Y by megarnie, I-_-I, fuzimiao2013, ApraTrip, centslordm, ihatemath123, insertionsort, Bradygho, mathleticguyyy, rayfish, Mango247, sargamsujit

:love:

:love:

:love:

:love:

:love:

PART I. Standard Observations

First make a few computational observations:

The semiperimeter is $s = \tfrac{AB + AC + BC}{2} = \tfrac{24 + 14}{2} = 19$ .
The lengths of $AE = AF$ are $s - BC = 19 - 14 = 5$ .

We can also make the following geometric observation:

Claim wrote:

Lines $AI$ and $MD$ are perpendicular to $EF$ . In particular, $D$ is necessarily the foot of the altitude from $M$ onto $EF$ .

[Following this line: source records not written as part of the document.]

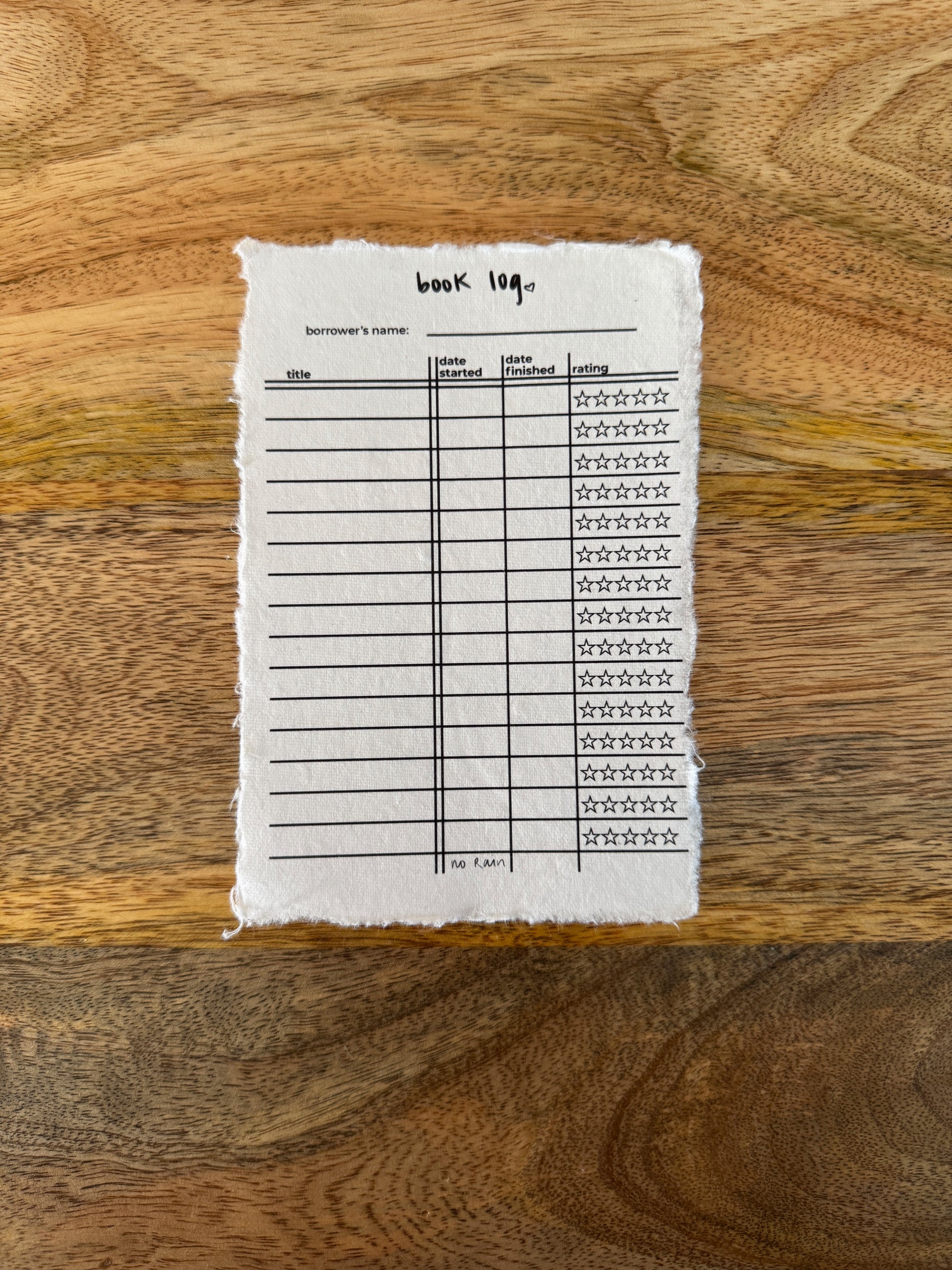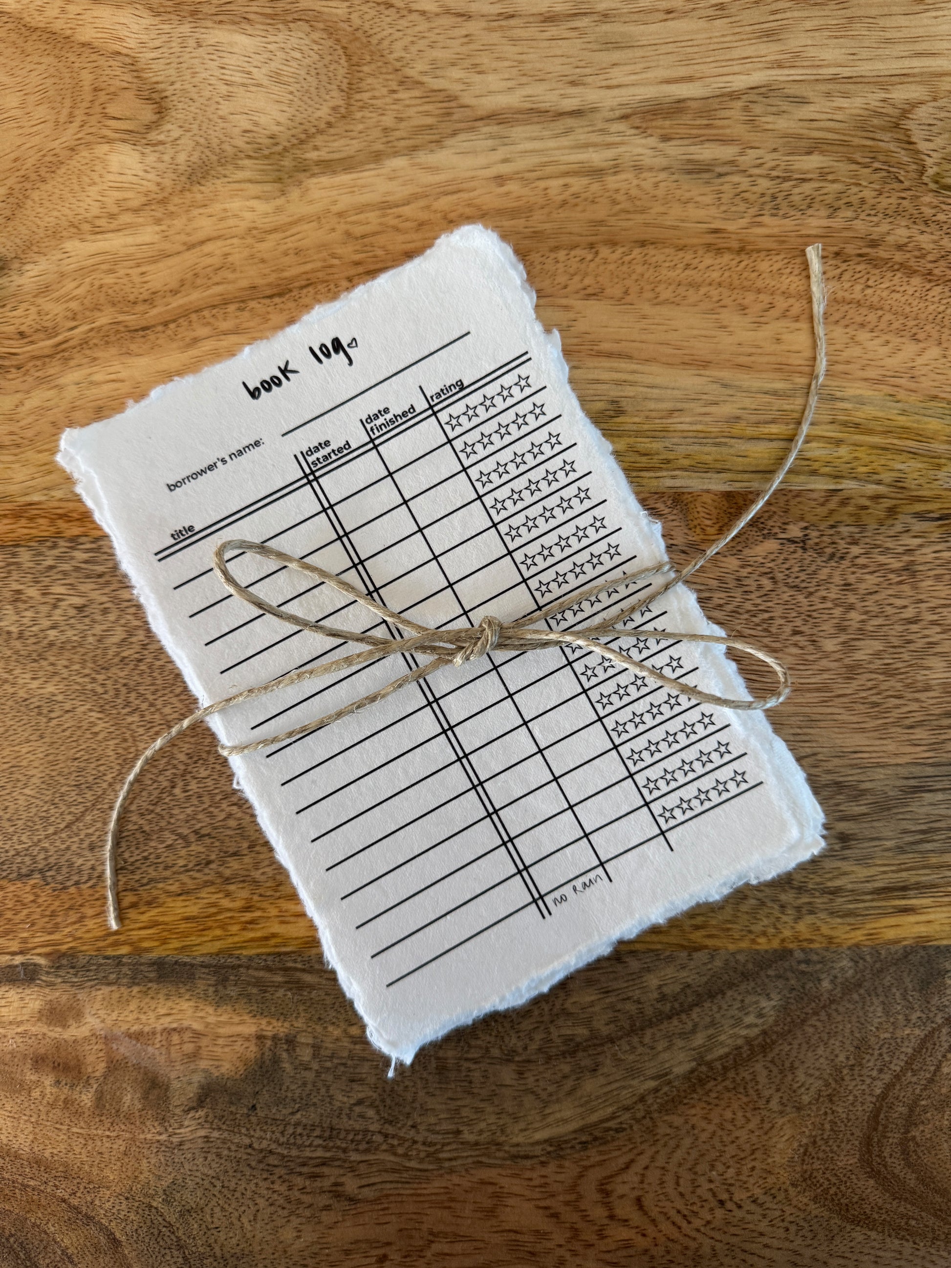 Mixed pack of book cards on handmade, deckle-edge paper. Pack includes: 10 book review cards, one to be read card, and one book log card.
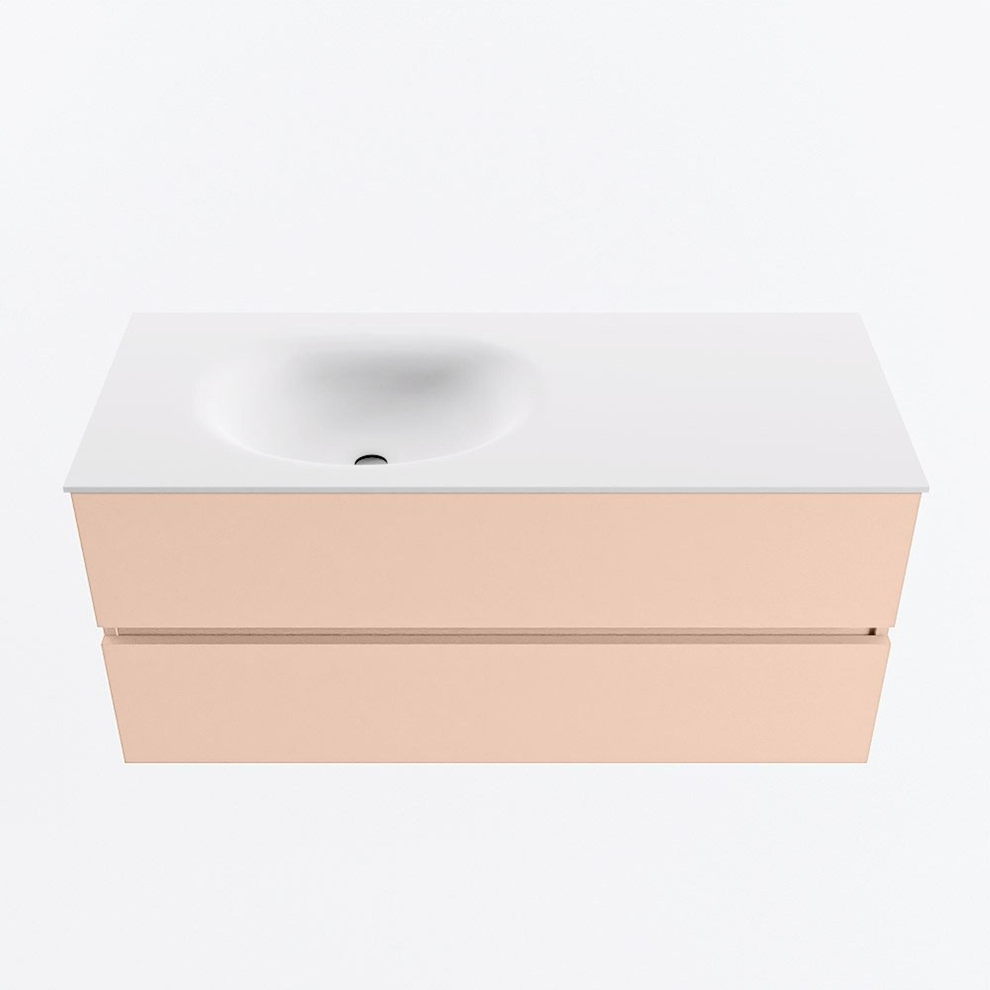 MONDIAZ VICA Badkamermeubelset - 110cm - onderkast rosee- 2 lades - wastafel moon links - zonder kraangaten - 60cm hoge versie - talc
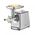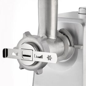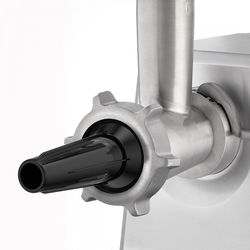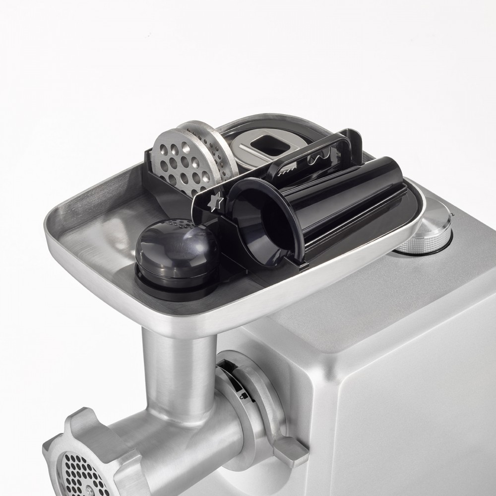 В комплект мясорубки входит пресс для котлет для гамбургеров двух размеров и котлет с начинкой. Также комплект включает в себя три перфорированных диска из нержавеющей стали (3 мм, 5 мм и 8 мм), насадку для колбас, насадку для выпечки с четырьмя формами. Благодаря легкой сборке и разборке всех деталей чистка невероятно проста. После использования аксессуары можно хранить в большом алюминиевом поддоне для экономии места.

Proof: Observe that since $\overline{AI}$ bisects $\angle A$ in $\triangle ABC$ , it also bisects $\angle A$ in $\triangle AEF$ . However, since $\triangle AEF$ is isosceles, the angle bisector $\overline{AI}$ must also be an altitude, so $AI \perp EF$ .

Consequently, since $ADMI$ is a parallelogram, $MD \perp EF$ as well. $\square$

Part II. wait what how did that just work

In order to learn more about $\triangle ABC$ , we'll focus primarily on the condition that $AI = MD$ (which follows from $AIMD$ being a parallelogram).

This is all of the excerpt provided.